Литмир - Электронная Библиотека

— Ты умеешь зажигать свечи издалека? — прошептала Верона столь заговорщически, будто их с Шахом вот-вот поймают за хулиганство. Она съехала с колен джинна, указывая пальцем на первую длинную восковую свечу с уже немного подтаявшим верхом. — Сначала вон ту.

Свечи утром — дурная затея, но только если шторы не скрадывают почти весь свет в своих крупных складках. Шахрур не ответил, но ему хватило одного беглого взгляда — и на фитиле поселился крохотный огонек. Потом еще один, еще, до тех пор, пока комната не оживилась трогательно дрожащими тенями на мрачных стенах. А после все помещение наполнилось мягким дурманом тлеющих в воске трав.

Верона оказалась у джинна на коленях сразу же, как он выполнил просьбу. Но теперь длинная сорочка была задрана до самых бедер, которыми ведьма обнимала чужие ноги. Ей хотелось дотронуться. Несмело поднялась рука, длинные ногти коснулись кожи, но не оцарапали, а нырнули в богатую шевелюру, зачесав пряди назад. Шахрур вздрогнул, словно удивленный. Его ноздри трепетали, как у разыгравшегося зверя, а ладони вновь искали приюта на талии ведьмы.

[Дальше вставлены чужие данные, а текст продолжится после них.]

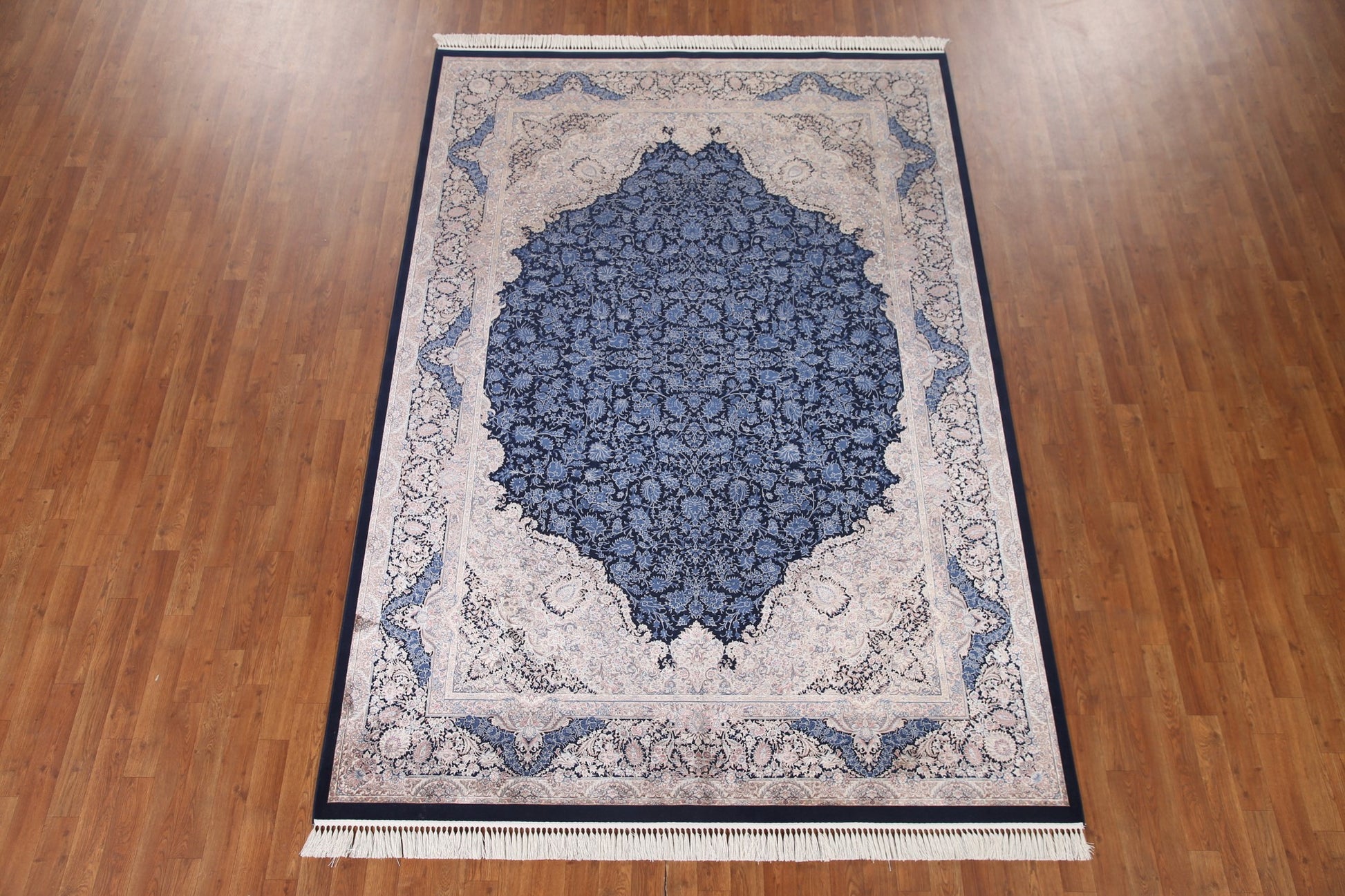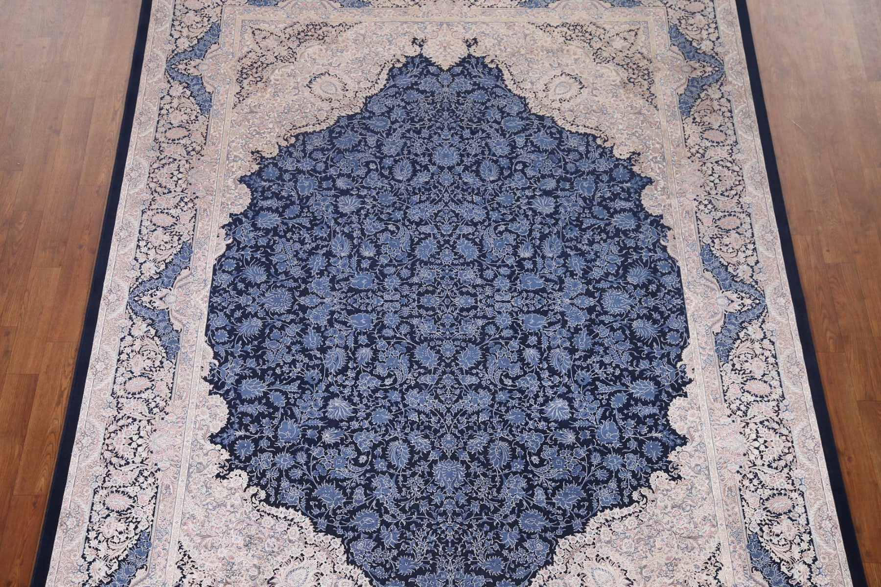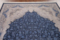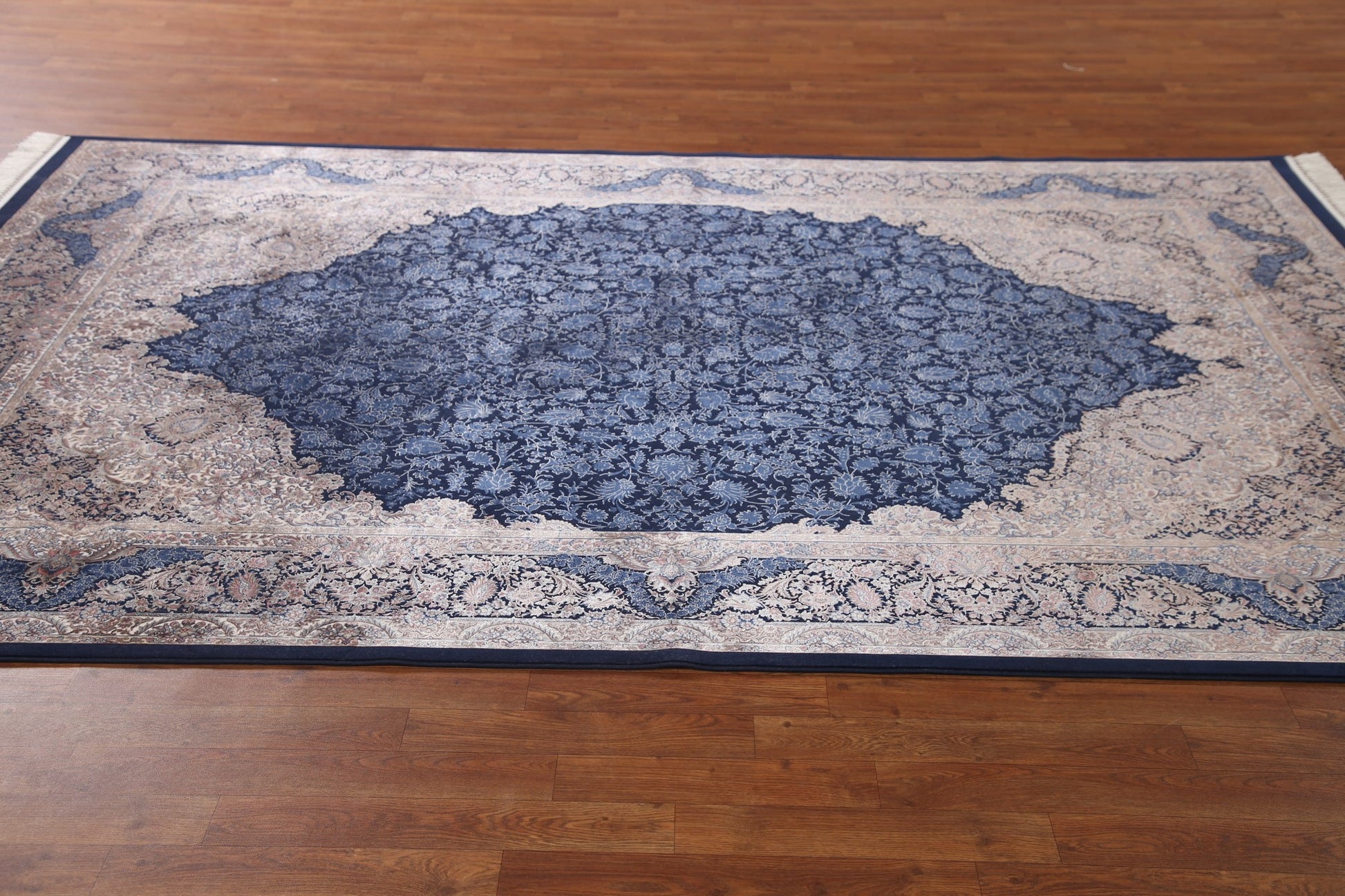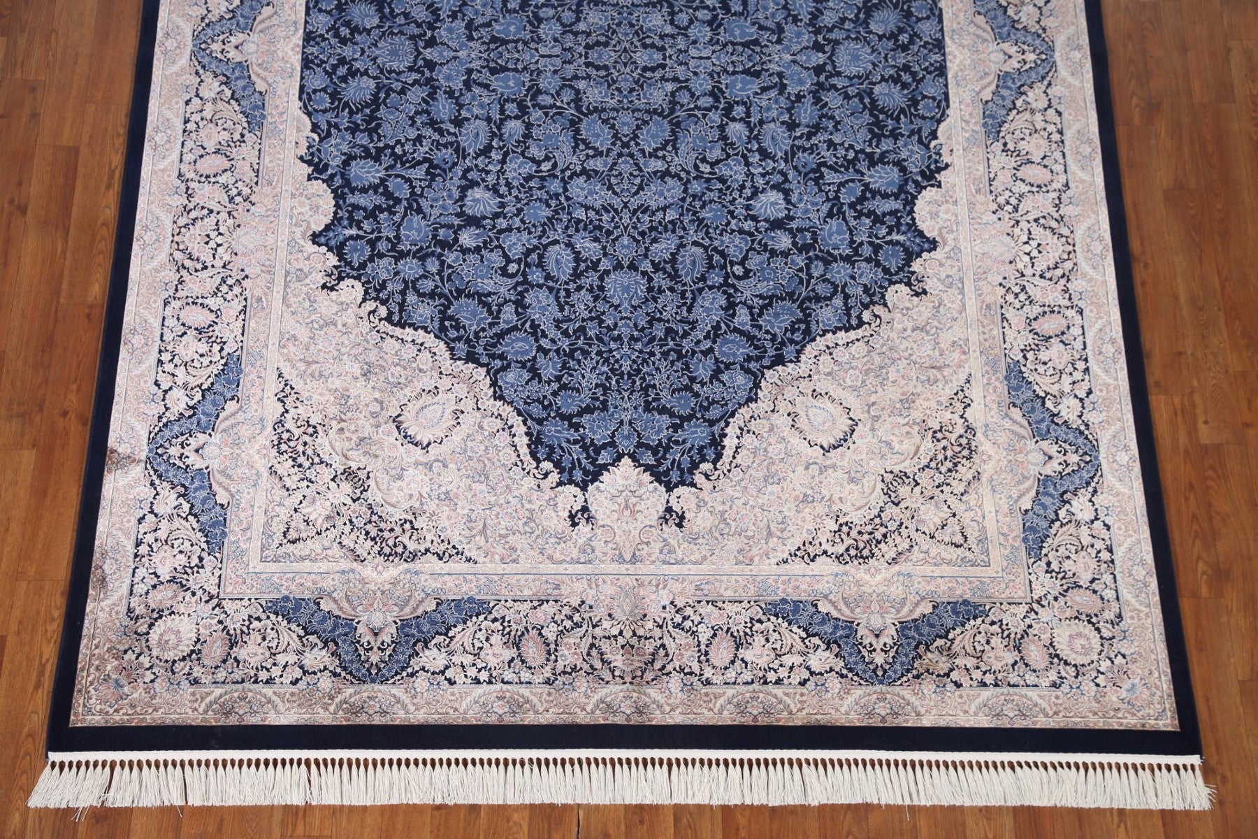 A Beautiful Genuine Turkey Qum rug is Machine Made by skillful weavers in Turkey with 90% Silk - 10% Polyester Material. This rug is in condition. dimensions are 9' 7'' X 6' 7'' in foot and 292 X 201 in centimeter. the primary color is Navy Blue & Blues.

— Эта одежда, в которой ты спишь… Сексуально, — бархатно прошептал джинн, одним взглядом указав на грудь Вероны, очерченную невесомой тканью. Больше огня, больше жара вокруг — и вот уже горели сами черные глаза Шахрура, взволнованного, а оттого торопливого и немного неловкого. Верона ощутила, как его руки соскальзывают со спины до колен и снова бредут вверх по бедрам, норовя влезть под подол; лицо клонилось ближе к лицу. Пьяно качнувшись, джинн задел губами губы ведьмы — и в последний миг удержал себя, оторвался. Верона улыбнулась. И вот вторая рука оказалась у Шаха на затылке. Между пальцев лежали жесткие черные пряди, и ведьма думала о том, что экзотичнее мужчины она никогда в своей жизни не видела. Уж тем более не прикасалась.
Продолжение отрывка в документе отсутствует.